Once we exited the office, we wandered to the left side of the palace where, one floor down, was a lovely garden, which included a Byzantine mosaic from the coastal city of Jiyyeh.


We walked along the garden wall and then up the stairs to the emir’s inner offices, which held a magnificent chandelier that had been gifted to the emir by Napoleon, making the chandelier several hundred years old. (Apparently when the French took over they modified the chandelier so that it was wired for electricity … don’t know if that is good or bad.)

We walked into additional offices furnished with old Persian rugs, a piano and more couches (likely a waiting area) before moving to the other side of the palace to the harem’s quarters done in beautiful reds and pinks with a huge bay window that was something of a throne and included gorgeous stained glass.





After the harem, we walked through the area that is the Lebanese president’s summer offices before walking downstairs past the mausoleum of the Emir Bashir II and his number 1 bride before wandering through my favourite part of the palace, the hammam aka spa. The hammam was designed along the Roman style (cold room, warm room and hot room) and was done is marble and exquisite carved designs. There was even the remnants of frescos on the ceiling of the cold room.
And this was obviously not a public hamman, but was for the exclusive use of the Emir and his family. Nevertheless, the hammam was huge taking up no less than four rooms, including an exclusive bath area for the Emir.
We then walked from the hammam through the former stable area that housed a numerous Byzantine mosaics, which had been moved from coastal cities to the palace. And how do you tell the difference between Byzantine mosaics and Roman mosaics? The size of the tiles are smaller for Byzantine mosaics.
Anyway, after walking through the stables and past the mosaics, we walked through the lower garden and back to the main entrance.
By now it was mid afternoon and we were all starving so Mahmoud suggested that we stop for Lebanese barbecue (grilled meats) before heading to our final destination, the Barouk Cedar Reserve.

We ended up stopping at a huge outdoor restaurant along a small river and before I knew it, I was being served a salad with pomegranate dressing, flatbread, a grilled tomato and grilled chicken along with a lovely cooling glass of lemonade. Perfect!




And after our late lunch, we drove up into the hills to the Barouk Cedar Reserve, home to over 20% of all the Lebanese cedar trees. And these cedar trees, while the same as the trees in the Cedar of God Reserve we had visited earlier in the week, were huge and looked a lot older. In fact one of the trees was used as the model for the Lebanese flag!
Mahmoud and I took a walk through the protected forest in the cool mountain air and I, quite frankly I could have spent hours there. It was beautiful, quiet, except for the occasional bird call, and incredibly peaceful.

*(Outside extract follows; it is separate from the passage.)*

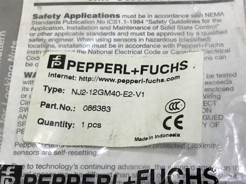 Pepperl+Fuchs NJ2-12GM40-E2-V1 086383 Inductive Proximity Sensor Return Policy Returns accepted within 30 days. Items sold as is cannot be returned, unless description is in error. Buyer pays return freight. Shipping Policy We ship almost all items with 1 business day of cleared payment. We ship USPS and UPS. We can ship on your account. If you will be shipping freight, please be sure to provide all delivery contact information including a phone number. We will need to know if you have a fork lift or dock.
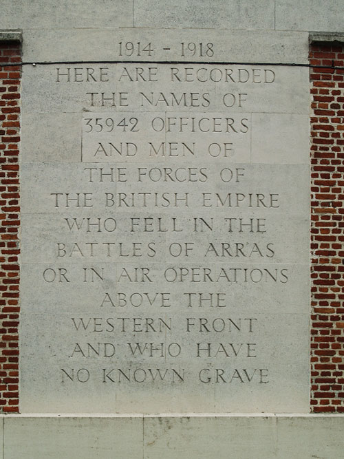 Designed by Sir Edwin Lutyens, the memorial includes sculpture by Sir William Reid Dick. Located in the same cemetery is the Arras Flying Services Memorial (commemorating 991 airmen with no known grave).

And not surprisingly, Mahmoud was a wealth of information about the cedar reserve including the fact that Roman Emperor Hadrian, of all people, banned the cutting and removal of cedar trees from Lebanon.
So after the lovely post lunch hike, we headed back to Beirut where I checked in to my new hotel, the Lost Hotel, smack dab in the middle of a loud and vibrant Gemayzeh neighborhood near the Beirut waterfront.
Tomorrow, we head south to the historic Phoenician cities of Sidon (See don) and Tyre and tours of Roman and Phoenician ruins and old souks.